Abstract
Objective: In this study, we compare the efficacy of diclofenac sodium, methylprednisolone and alpha-blockers for the treatment of renal colic treatment.
Material and methods: A total of 30 patients between the ages of 18-70 were included in this study. Patients were referred to the Meram Medical Faculty Urology Department or Department of Emergency Medicine at Selcuk University between October 2008 and January 2009. This prospective study was approved by the Selcuk University Meram Medical Faculty Ethics Committee. Patients were randomly divided into 3 cohorts of 10 patients each. The first group consisted of patients receiving diclofenac sodium and an alpha blocker, the second group of patients received diclofenac sodium and prednisolone, and the third group of patients received diclofenac sodium alone. Each patient was diagnosed and evaluated by the same clinician. Evaluation was based on the Numerical Classification Score (NCS) and the Renal Colic Symptom Score (RCSS). Pain intensity was evaluated prior to medication administration and 5, 10, 15, 20, and 30 hours thereafter. Statistical analysis was performed using chi-squared analysis and the Kruskal-Wallis test. P-value of ≤0.05 were considered statistically significant.

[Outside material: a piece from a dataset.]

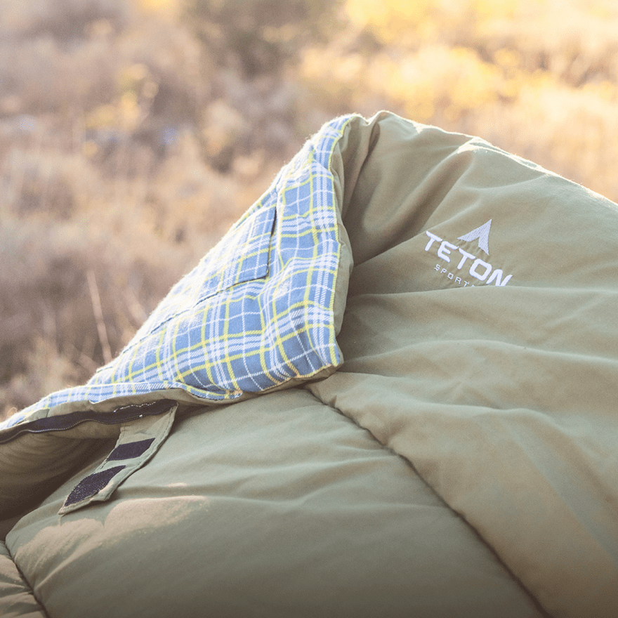 Experience the perfect blend of comfort and affordability with the Teton Evergreen flannel sleeping bag. Crafted from durable canvas and lined with plush flannel, this rectangle sleeping bag offers a soft and cozy feel reminiscent of your favorite flannel shirt. Our softest bag yet, the Evergreen is designed to keep you warm and comfortable on your outdoor adventures. With temperature ratings ranging from -10°F to 35°F, and two sizes: regular standard size or Mammoth double-wide, you can choose the level of insulation and size that best matches your adventure. The compression straps make it easy to roll up and store, while the heavy-duty zippers ensure long-lasting durability. Enjoy the warmth and comfort of home, even in the great outdoors. Sleep easy. Shop Teton.

Results: Symptoms immediatiely prior to medication administration and after 5, 10, 15, 20 and 30 hours are evaluated. There are no significant differences between the groups (p>0.05). In group 1, stone expulsion occured in 4 patients (40%), a finding that is statistically significant (p=0.01). No adverse events occurred in any group during this study.
Conclusion: Comparison of the therapeutic response among the 3 groups revealed no statistically significant difference. The most important aspects to consider in regard to a treatment modality include diminishing pain, dissolving blockage, a preservation of renal function and minimizing the side effects.